Letture di passi dal libro a cura di Cantieri Meticci.
Banchetto raccolta fondi di Mediterranea Bologna per la missione umanitaria in Cisgiordania.
Banchetto libri e firmacopie a cura di La confraternita dell’uva – Libreria indipendente.
L’evento si terrà presso La Serra Liberty (chiusa e climatizzata).
Ingresso libero. Prenota il tuo posto  https://www.eventbrite.it/e/sari-bashi-presenta-il-suo-libro-maqluba-amore-capovolto-tickets-1746141549379?aff=oddtdtcreator
Evento a cura di Kilowatt, Voland, Mediterranea Bologna, La confraternita dell’uva – Libreria indipendente, Biblioteca Amilcar Cabral, nell’ambito del Patto per la lettura di Bologna.
IL LIBRO
Febbraio 2010. Sari è un’avvocata israelo-americana che si occupa di diritti umani. Osama è un professore universitario originario di Gaza, vive a Ramallah e non è libero di muoversi a causa delle leggi dell’occupazione israeliana. Sari e Osama si innamorano. Le circostanze esterne rendono un’impresa la loro frequentazione, gli spostamenti, la possibilità di condurre una vita insieme. Eppure ci provano, poi demordono, poi tentano ancora.
Come la maqluba, piatto arabo che viene rovesciato a fine cottura, per non soccombere alla realtà Sari e Osama devono capovolgere continuamente la prospettiva, perché i loro sentimenti non sono indenni al clima tempestoso che li circonda.
Una storia d’amore a due voci travolgente e autobiografica che sfida la tragica attualità del conflitto israelo-palestinese e il crescente abisso che separa due popoli.
L’AUTRICE
Sari Bashi è un’avvocata per i diritti umani israelo-americana di origine irachena.

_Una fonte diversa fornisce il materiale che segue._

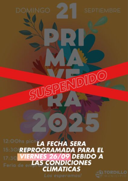 Debido a los pronósticos de lluvia para los próximos días, informamos que los festejos por el Día de la Primavera han sido reprogramados.
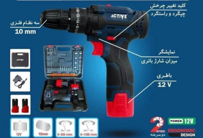 دریل شارژی ۱۲ ولت چکشی ۲ باتری اکتیو مدل AC-3112BRمشخصات کلی
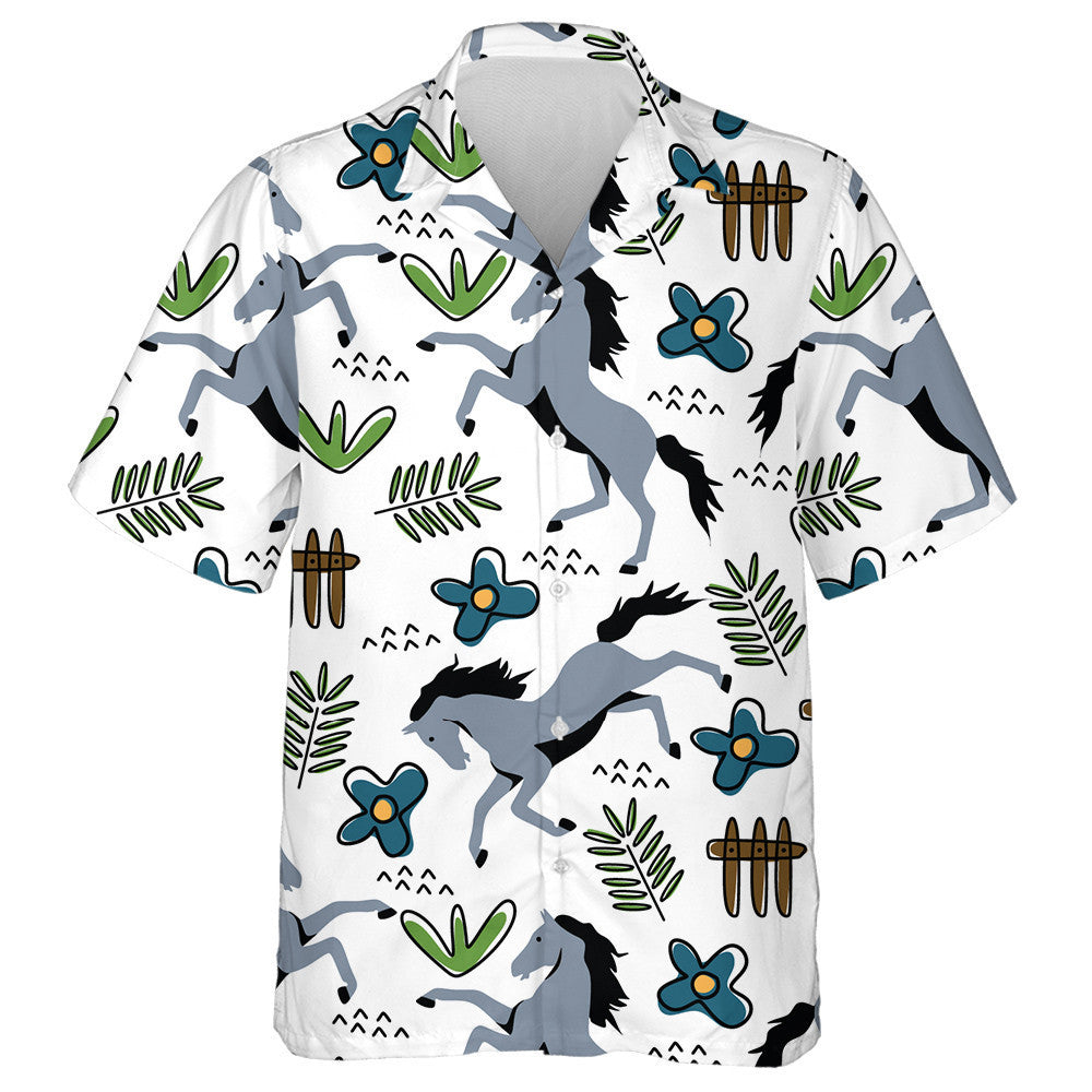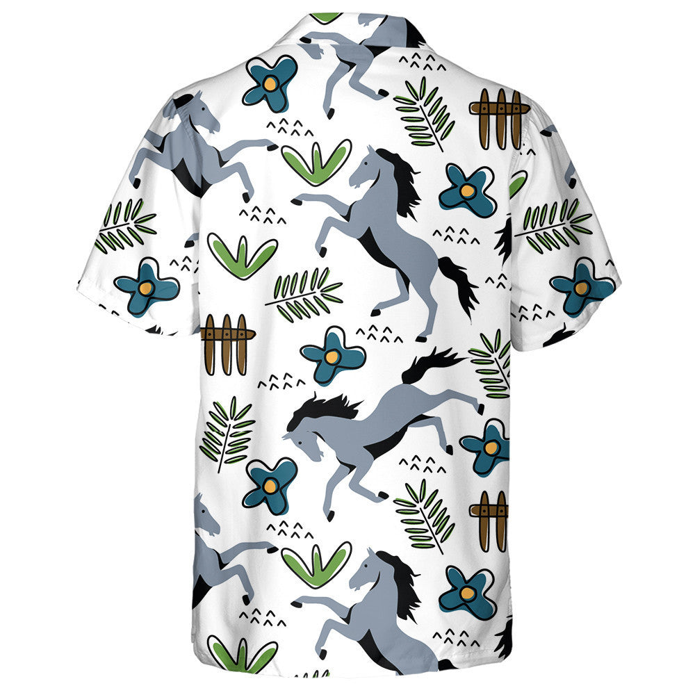 Capall Lámh Tarraingthe Agus Flóra i Stíl Chartúin Léine Haváís, Bronntanas Léine Haváíais, Bronntanas Nollag

È stata program director di Human Rights Watch in Palestina e nel 2005 ha fondato Ghishà, un’organizzazione per i diritti umani e la libertà di movimento che fornisce assistenza legale a persone palestinesi, soprattutto di Gaza, che necessitano di permessi dall’esercito israeliano per gli spostamenti più semplici e necessari, come ricongiungersi ai membri della propria famiglia, raggiungere il lavoro o l’università, avere accesso a cure mediche o seguire un corso di formazione.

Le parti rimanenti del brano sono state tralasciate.